EDITORIAL: Oh, so now you need the private sector ...
Has the government woken up too late?
And so, President Cyril Ramaphosa’s "new deal" got its first public launch this week, as he sketched out his argument for why infrastructure investment presents SA’s best chance of escaping a grim economic trajectory.
This was the right place to do it too, at the podium of the inaugural Sustainable Infrastructure Development Symposium of SA, in front of hundreds of (virtual) pension fund trustees and potential investors. If Ramaphosa was selling a dream, this was the place to do it.
Covid-19, he said, "has made infrastructure investment even more compelling, even more important and even more urgent — that is why we have placed infrastructure at the centre of the stimulus our economy needs to achieve a sustainable recovery".
And, if you forget the fact that we’ve heard these sorts of rousing speeches before, Ramaphosa made a compelling case.
He spoke passionately of the infrastructure projects in areas like energy, health care, water, transport and technology — many of which he said are "shovel-ready". Of the 276 projects evaluated, a "credible and robust project pipeline" of 88 investment-ready projects has been identified, and presented to investors around the globe over the past five months.
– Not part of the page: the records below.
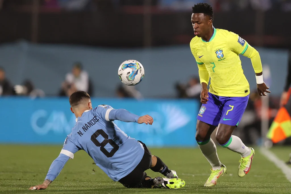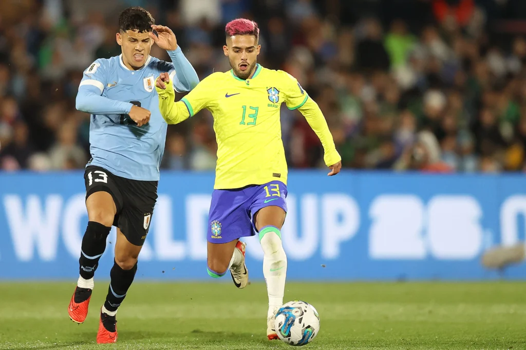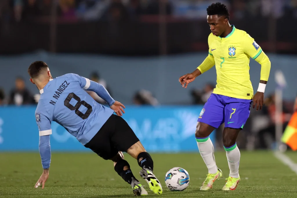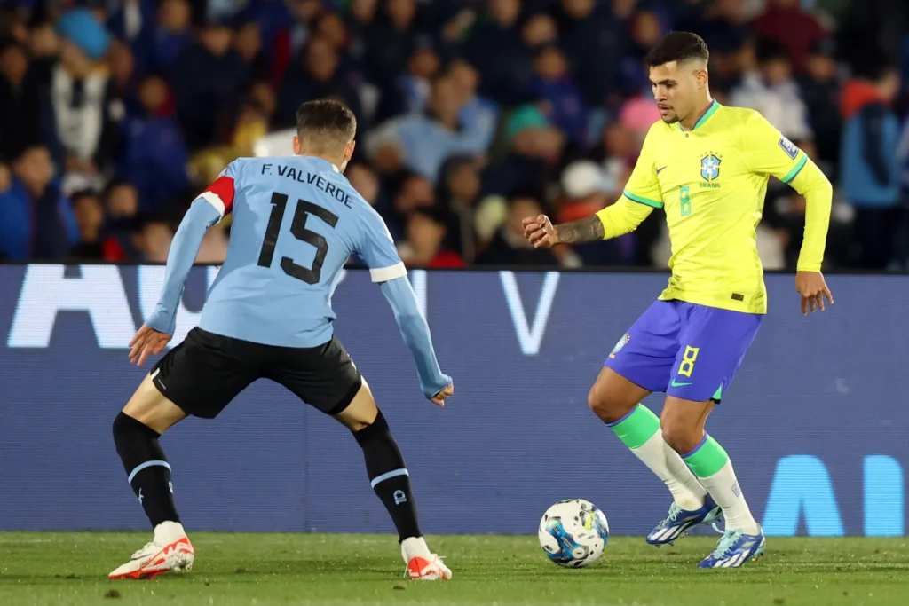 Cartões amarelos: Ronald Araújo, Pablo Quiroga (auxiliar), Darwin Núñez e Nández (Uruguai); Rodrygo, Casemiro, Ederson, Gabriel Jesus e Matheus Cunha (Brasil)
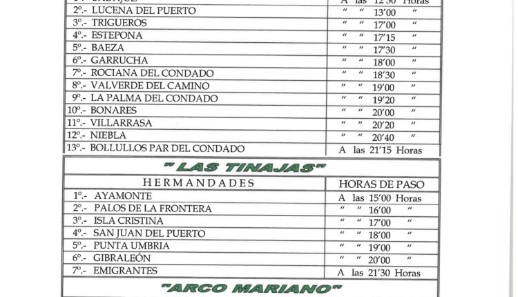 Horarios de Paso Rocío 2024 – Caminos de Huelva
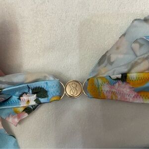 Victoria's Secret Blue Floral Lemon Print Ruffled One Piece Swimsuit Size Large
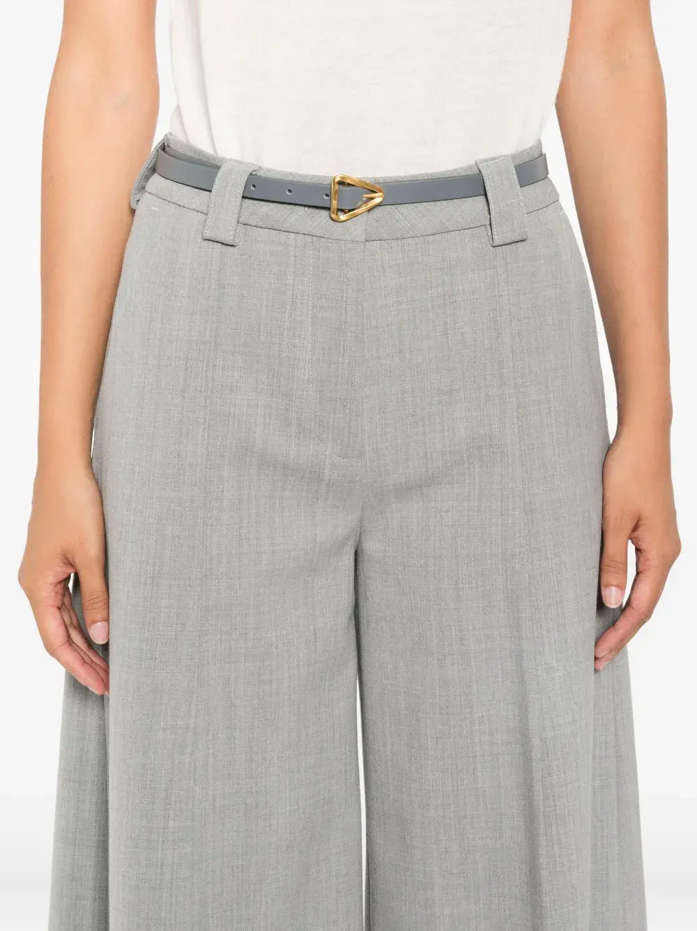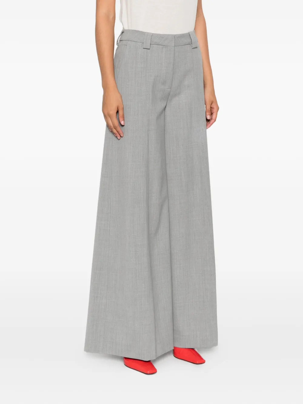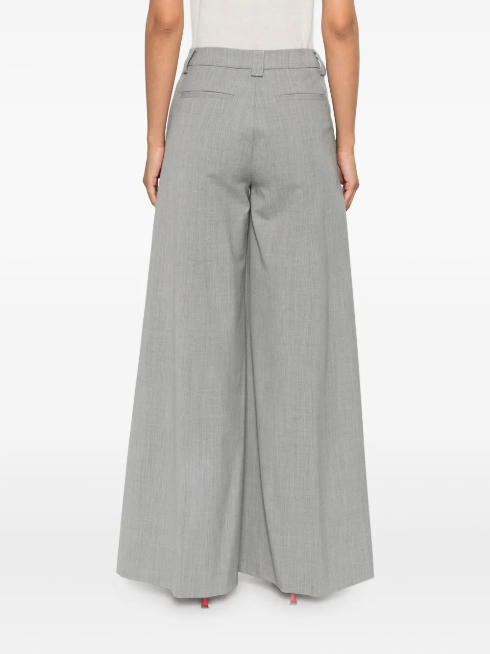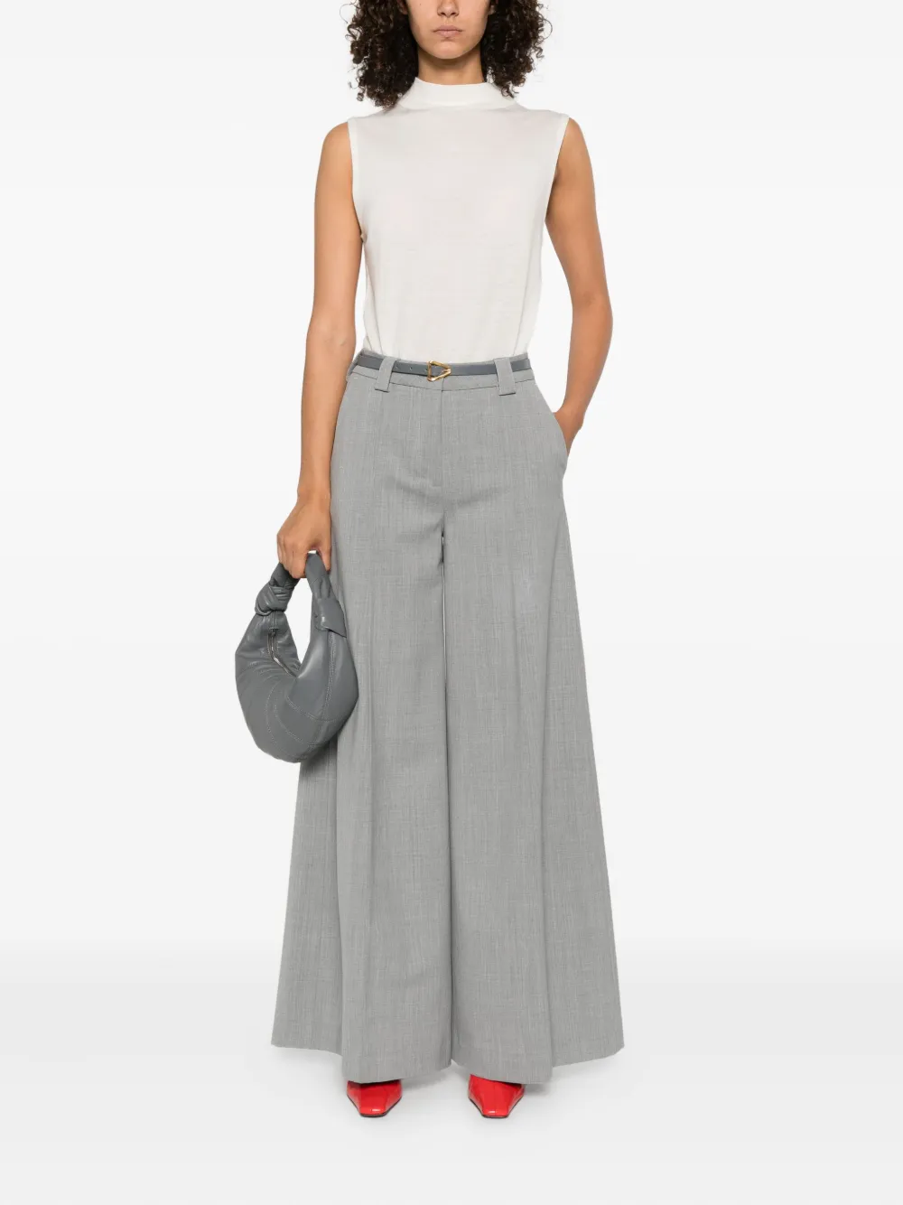 Серые плиссированные брюки спереди, широкие штанины, высокая талия, прямой подол, застежка по центру спереди

And, apparently, "firm commitment" running into billions of rands has already been obtained.
Just how firm these commitments are is debatable, since none of the investors has yet been named. As Ramaphosa himself pointed out, "lenders and investors are revisiting their decision to invest in infrastructure projects that were deemed bankable prior to the pandemic".
Which is why this week’s event was a critical sales pitch to private sector funders — SA’s asset managers and pension fund trustees foremost. But if the government wants to entice them to finance bridges, water projects and roads, it’ll need to offer carrots too, like tax incentives or, as was suggested, a quid pro quo of raising the offshore investment allowance in exchange for investment into an "infrastructure solidarity bond".
At this delicate point, it can’t afford to use the stick by implementing any prescribed assets regime that compels pension funds to invest in specific instruments. This was the point made by Sygnia CEO Magda Wierzycka, who spoke after Ramaphosa. She pointed out that there’s already a willingness among institutional investors to deploy funding — but it has to be through negotiation, not prescription.
SA has a "very active" pension community, Wierzycka said, and any move towards prescribed assets will spark a myriad court cases.
But, she said, the government should realise the gravity of the moment, and "hurry up".
As Ninety One CEO Hendrik du Toit told the FM last week, the private sector doesn’t need to be forced to invest in infrastructure projects. "The government must make the rules clear about projects in, say, water or power, and the money will come," he said.
If this week’s conference is any indication, the government has got the message. Kgosientso Ramokgopa, the head of infrastructure investment in Ramaphosa’s office, said the projects have been packaged through an investor-friendly lens.
But has the government woken up too late? On Tuesday, SA found out that by the end of March, before the impact of the lockdown was factored in, unemployment had breached 30%. Factor in those people who want to work but have given up looking, and this number soars to 39.7%.
Covid-19 raised the stakes, but the suspicion of business led us to this place. Let’s hope Ramaphosa’s plan marks a real step change.